Most GitHub services do not require authentication, but some do. For example the methods that allow you to change properties on Repositories and some others. Therefore this step is facultative.
GitHub provides some different ways of authentication. This API implementation implements three of them which are handled by one function:
$client->authenticate($usernameOrToken, $password, $method);
$usernameOrToken
is, of course, the username (or in some cases token/client ID, more details you can find below),
and guess what should contain $password
. The $method
can contain one of the three allowed values:
Github\AuthMethod::CLIENT_ID
- https://developer.github.com/v3/#oauth2-keysecretGithub\AuthMethod::ACCESS_TOKEN
- https://developer.github.com/v3/#oauth2-token-sent-in-a-headerGithub\AuthMethod::JWT
- https://developer.github.com/apps/building-github-apps/authenticating-with-github-apps/#authenticating-as-a-github-app
The required value of $password
depends on the chosen $method
. For Github\AuthMethod::CLIENT_ID
, Github\AuthMethod::ACCESS_TOKEN
and
Github\AuthMethod::JWT
methods you should provide the API token in $usernameOrToken
variable ($password
is omitted in
this particular case).
The Github\AuthMethod::JWT
authentication method sends the specified JSON Web Token in an Authorization header.

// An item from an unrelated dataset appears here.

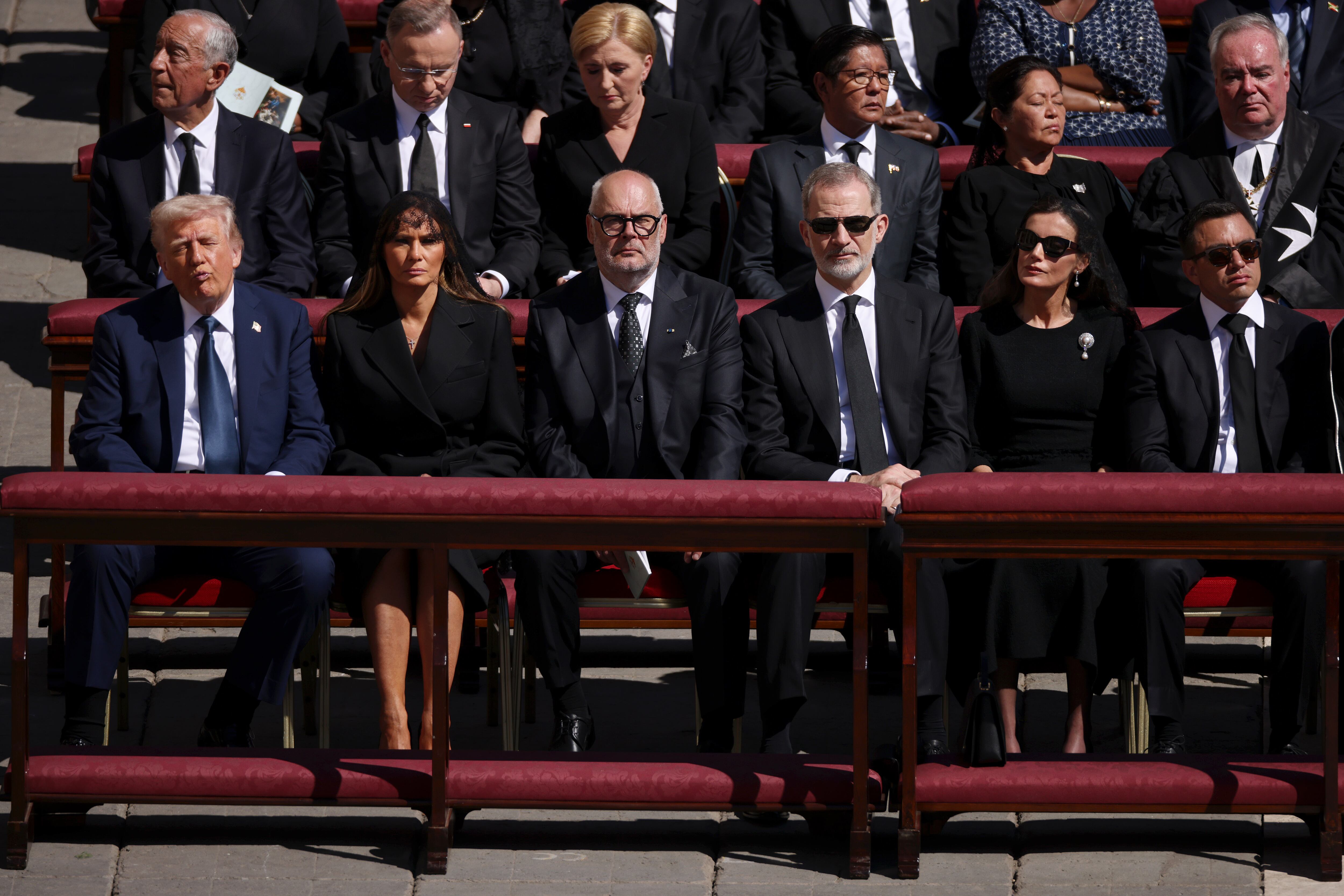 A su lado estuvo el expresidente de Estados Unidos, Donald Trump, acompañado por su esposa Melania Trump. También se encontraban presentes el presidente de Estonia, Alar Karis, y los reyes de España, Felipe VI y Letizia, quienes acompañaron la emotiva ceremonia de despedida.

After executing the $client->authenticate($usernameOrToken, $secret, $method);
method using correct credentials, all
further requests are done as the given user.
To authenticate as an integration you need to supply a JSON Web Token with Github\AuthMethod::JWT
to request
and installation access token which is then usable with Github\AuthMethod::ACCESS_TOKEN
. Github´s integration
authentication docs describe the flow in detail.
It´s important for integration requests to use the custom Accept header application/vnd.github.machine-man-preview
.
The following sample code authenticates as an installation using lcobucci/jwt 4.1 to generate a JSON Web Token (JWT).
use Github\HttpClient\Builder;
use Lcobucci\JWT\Configuration;
use Lcobucci\JWT\Encoding\ChainedFormatter;
use Lcobucci\JWT\Signer\Key\LocalFileReference;
use Lcobucci\JWT\Signer\Rsa\Sha256;
$builder = new Builder();
$github = new Github\Client($builder, 'machine-man-preview');
$config = Configuration::forSymmetricSigner(
new Sha256(),
LocalFileReference::file('path/to/integration.private-key.pem')
);
$now = new \DateTimeImmutable();
$jwt = $config->builder(ChainedFormatter::withUnixTimestampDates())
->issuedBy($integrationId)
->issuedAt($now)
->expiresAt($now->modify('+1 minute'))
->getToken($config->signer(), $config->signingKey())
;
$github->authenticate($jwt->toString(), null, Github\AuthMethod::JWT)
The $integrationId
you can find in the about section of your github app.
The $installationId
you can find by installing the app and using the id in the url.